Decolonizing Art History Through Technology of the Past

This past weekend at the University of Victoria (my alma mater) on Vancouver Island, I had the exciting privilege to go to a presentation and talk back with Canadian Indigenous artist (and one of my biggest art crushes) Kent Monkman.

During his presentation he discussed elements of his work that touched on themes we had discussed in class- including indigenous ways of knowing and technology, the question of what constitutes a technology and how can we use it, and how who is “writing” or creating history shapes what we learn.

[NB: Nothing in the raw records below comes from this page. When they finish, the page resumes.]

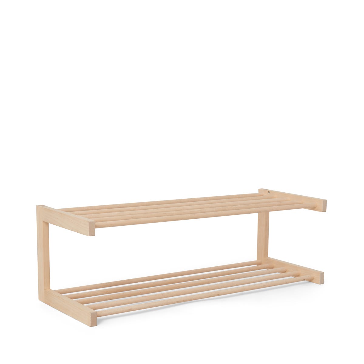 Skoställ i obehandlad björk med två hyllor. Skostället kan monteras på väggen eller stå direkt på golvet. En praktisk möbel som passar perfekt både i den stora och lilla hallen. Fin att matcha med vår hatthylla i samma serie.Du kan ge den en personlig touch och anpassa den till din inredningsstil och färgscheman. Obehandlat björkslag har en tendens att gulna över tid, så behandla gärna skohyllan med dekorvax om du vill behålla färgen.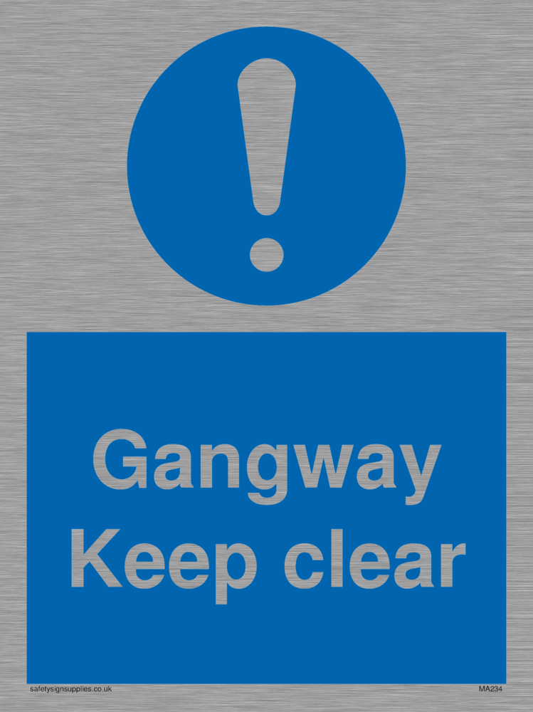 This sign contains a general Mandatory Exclamation Symbol - exclamation mark in white on blue circle background.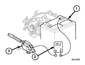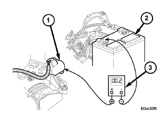 2. Connect volt-ampere tester leads (1 and 2 to the battery terminals. Connect volt-ampere tester lead (3) around the positive battery cable. See instructions provided by manufacturer of volt-ampere tester being used. Note: Certain diesel equipped models use dual batteries. If equipped with dual battery system, tester should be connected to battery on left side of vehicle only. Also, tester current reading must be taken from positive battery cable lead that connects to starter motor.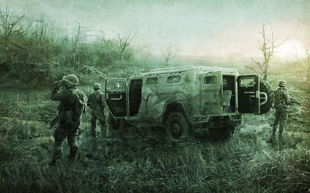 «Солдаты из сталкера на болоте»

Kent Monkman is a Cree, Two-Spirit (meaning in simplified terms that he has both genders, a very respected and celebrated identity in many indigenous Canadian nations) artist from the Fish River band in Manitoba. He began his talk with how his current art style evolved- a highly representational technique that borrows from artists such as Carvaggio and European artists that painted the North American landscape from a Eurocentric perspective. He reflected how a painting, “Execution of Torrijos and his Companions” by Antonio Gisbert, 1888

first stopped him in his tracks and communicated, through generations, a specific history and moment in time. He realized that this form of representational painting, a form of art that Eurocentric art practices had actually rejected and abandoned by European artists, was a powerful technology used to communicate history through time. He wanted to use this form to “decolonize art history” through representing people and events that were more true to indigenous history that the settler paintings of “American Indian” life and to stop people in their tracks the way he had been stopped before.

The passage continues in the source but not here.